Random832 wrote:Now, the question remains - is there a way to do it while having everyone move the same way?

Basically you're asking, is there some permutation [imath]\pi \in S_{2k}[/imath] so that some 2k-1 powers of [imath]\pi[/imath], acting on the set of people, represent an appropriate set of seating arrangements (yes: see Cauchy's),

and so that all 2k people are in the same cycle?*

Well, no. If they're all in the same cycle, then you can straighten it out so they're moving around a circle. You could represent such a scheme as k pairs of chords between 2k evenly spaced points on a circle, which you then rotate a bunch of times to get the different seating arrangements. At least one of these chords must be a diameter, or else people across from each other never date. But there are only k distinct diameters spanning these 2k points, so you can't have 2k-1 different rotations of this diagram.

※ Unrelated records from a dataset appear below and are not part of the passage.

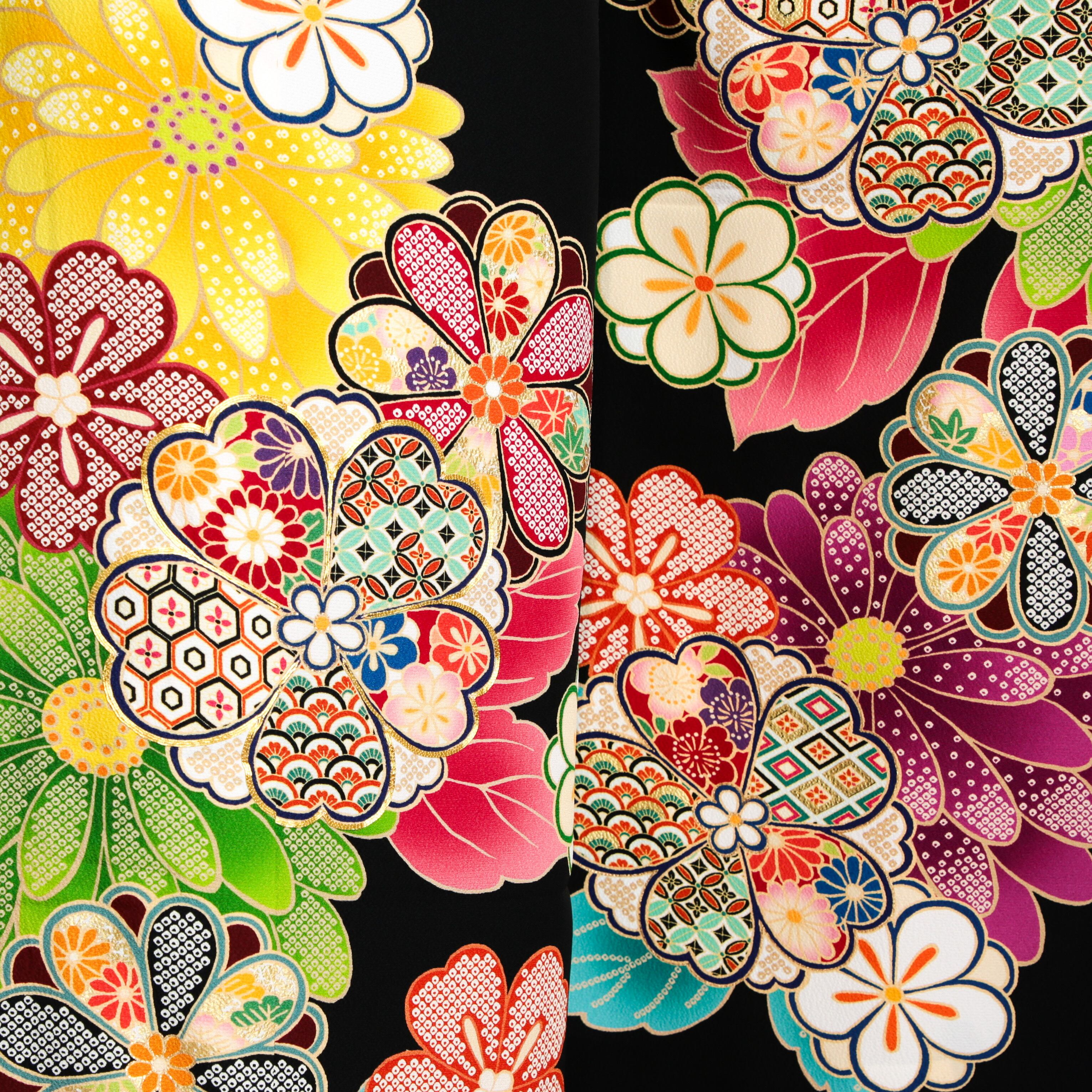 黒に鮮やかな柄がメリハリあるデザインです。
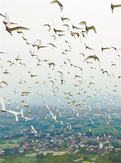 5月6日,嘉禾县珠泉镇钟水河一带,众多鹭鸟盘旋飞翔,十分壮观。近年,该县加大城乡生态环境治理及珍稀鸟类保护力度,生态环境不断改善,吸引了众多鸟类前来栖息安家。黄春涛 摄
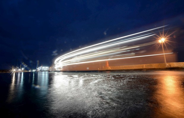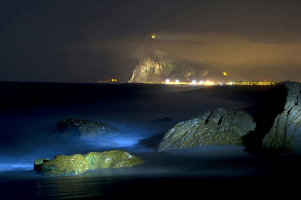 GIBRALTAR, 18.08.2013. Uma longa exposição captada a partir da praia de Levante na La Linea de la Concepción mostra o rochedo que está no centro da disputa Reino Unido - Espanha Marcos Moreno/AFP
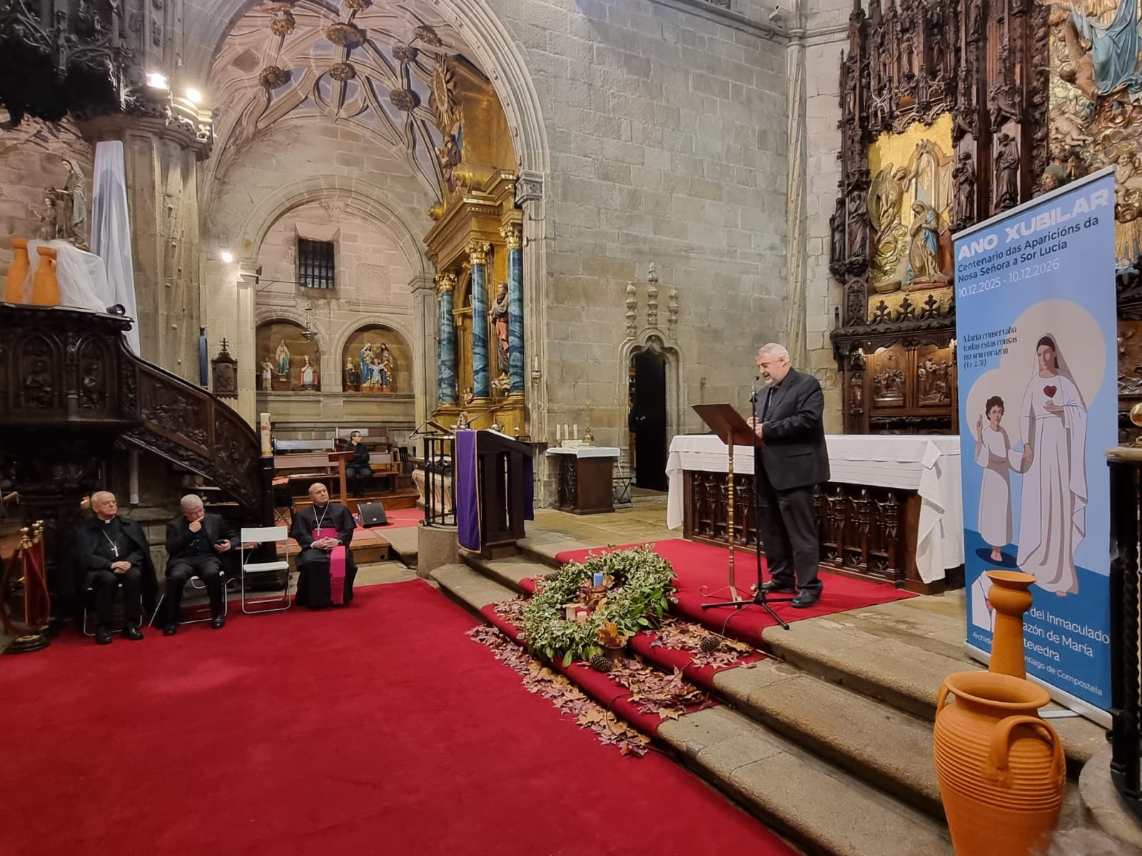D. Carlos Escribano asistió a la ceremonia, que tuvo lugar en la Real Basílica de Santa María la Mayor de Pontevedra, en representación del Presidente de la Conferencia Episcopal Española (CEE). El acto marcó oficialmente el inicio de un tiempo extraordinario de gracia y peregrinación.

Unless, of course, 2k-1=k. That's the trivial case where two people date each other, and nobody moves at all.

*EDIT: The notation of this paragraph is obviously begging for a slick algebraic proof, but the method I was trying (okay, so pi has order 2k, and 2k-1 of its powers comprise the complete set....) kept getting bogged down in special cases, which is why I gave up and appealed to geometry. Anyone got an elegant algebraic solution?